Aktor yang berperan dalam peningkatan penerimaan pajak daerah berturut-turut
adalah Pemda (eksekutif), aparat pajak dan pimpinan, anggota legislatif dan
masyarakat pembayar pajak. Hasil ini menunjukkan pentingnya peranan pemerintah
daerah dalam dalam upaya peningkatan penerimaaan pajak daerah. Bahwa pajak
daerah pemungutannya dilakukan dengan bekerja sama dengan instansi terkait.
Sedangkan Dinas Pendapatan Provinsi Riau berlaku sebagai pengelola penerimaan
pajak, sehingga perlu peranan politik pemda (eksekutif) memberikan dorongan
kepada instansi terkait. Dengan demikian potensi pajak dapat digali.
Aparat pajak dan pimpinan berperan dalam upaya, menjalankan aturan Undangundang
dan perda, meningkakan kualitas SDM, meningkatkan kepatuhan wajib
pajak, menggali potensi pajak, meningkatkan kerjasaman dengan instansi terkait.
Legislatif berperan secara bersama-sama dengan pemda membentuk peraturanperaturan
perundang-undangan, memperbaiki aturan perundangan dan menggali
potensi pajak. Terakhir masyarakat berkaitan dengan kepatuhan kepada aturan
perpajakan dan peningkatan ekonomi masyarakat.
Dilihat dari tujuan yang akan dicapai, prioritas tujuan berturut-turut adalah
optimalisasi penerimaan pajak, penegakan hukum, pelayanan prima, kerjasama
dengan instansi terkait dan penyuluhan & sosialisasi pajak.
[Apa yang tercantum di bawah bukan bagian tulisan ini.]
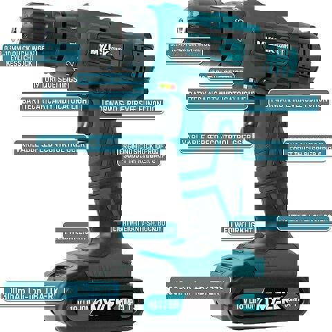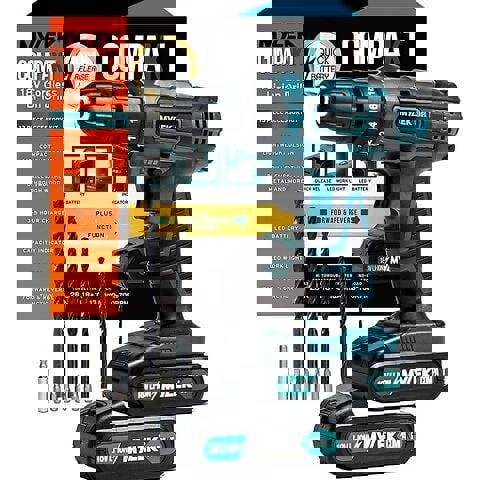 From Mylek, this blue 18V Cordless Drill Driver Set is designed for drilling and screwdriver action, with flexible control for everyday DIY tasks. A variable speed trigger and forward/reverse switch make it easy to move between drilling, driving and removing screws, while the LED work light helps when working in hard-to-see areas. An LED battery life indicator keeps you informed when it is time to recharge.
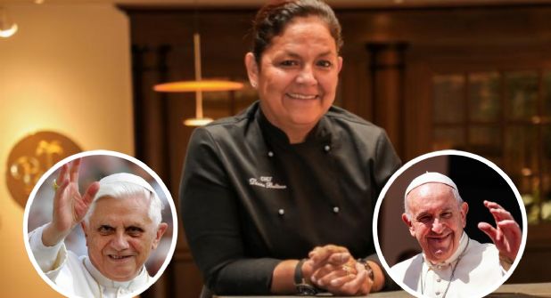 Diana recuerda que gracias a su cercanía al Vaticano pudo cocinar para los pontífices Benedicto y Francisco, el no saber decir que no la metió en aprietos pues tuvo que modificar su manera de cocinar, la chef mexicana recuerda que le tenían prohibido cocinar con gas por lo que hacía uso de parrillas eléctricas y sus recetas cambiaban por completo.
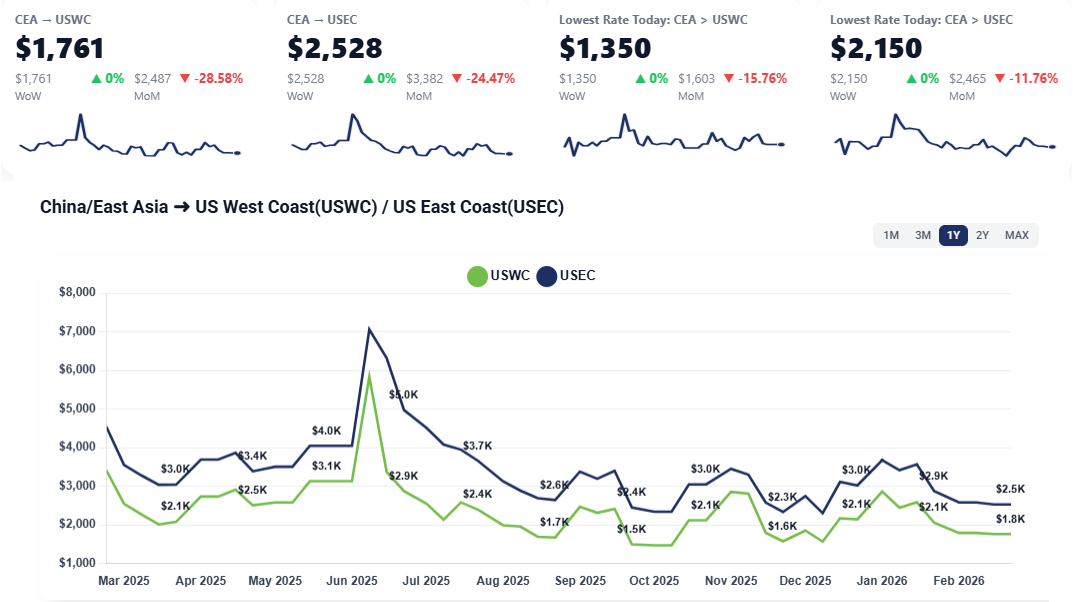 CEA to USWC: Pricing remains stable at the current floor of $1,450 to $1,600 per container. This represents a continuation of the breakeven levels seen since early February.
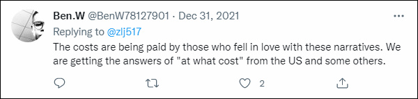 这条推文受到中外网民热议。一位网民回答:“爱上这些故事的人正在付出代价,我们从美国和其他一些国家那儿看到了‘代价是什么’的答案。”
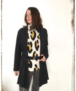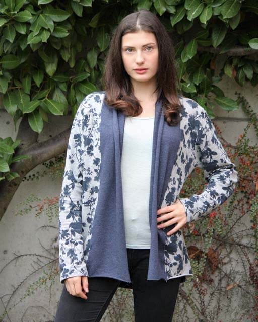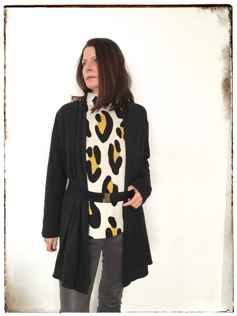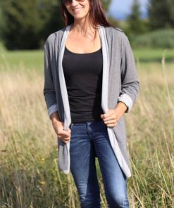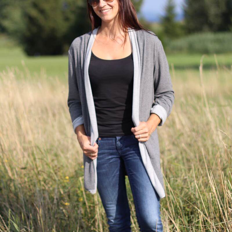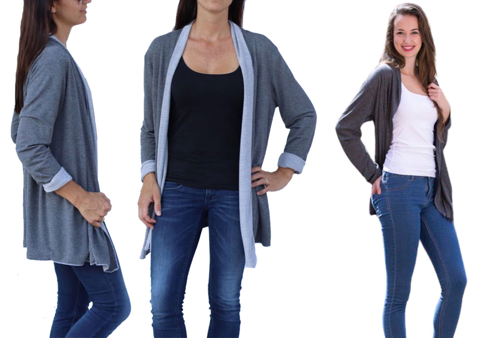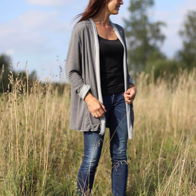 Diese Jacke kannst Du auf verschiedene Arten nähen, ein Schnitt mit vielen Verarbeitungsmöglichkeiten. Im Ebook erklären wir alle Varianten Schritt für Schritt. Ob klassisch oder im “Used Look”, das Modell wirst Du sicher einige Male nähen. Die Jacke ist aber nicht nur optisch ein Highlight, auch das Nähen geht sehr schnell und einfach und ist auch für Nähanfängerinnen gut machbar. Wichtig ist die Stoffauswahl, da die linke Warenseite durch den “Schalkragen” sichtbar wird. Je leichter und schöner die Ware fällt, desto hübscher finden wir die Jacke. Dicke, schwere Stoffe eignen sich hier nicht. Die Jacke kann optional mit seitlichen Eingriffstaschen genäht werden.
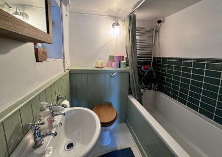 The Bathroom is fitted with a panelled bath with shower mixer tap, tiled surround, wall hung wash hand basin, WC and window to the side with extractor. This space is finished with part panelled walls and period style tiling.

Dan prioritas alternatif strategi yang akan diterapkan untuk mencapai tujuan yang
telah ditetapkan berturut-turut adalah : meningkatkan kualitas & kuantitas
pemungutan pajak, mengembangkan penyuluhan dan pelayanan prima, memberikan
pendidikan dan pelatihan yang cukup kepada pegawai, menerapkan sistem rekrut &
penempatan aparat pada posisi yang tepat, menerapkan sanksi hukum,
memperjelas pola kerja sama dengan instansi terkait, memperbaiki basis pajak yang
dipungut, dan menghapus pajak daerah yang tidak efektif.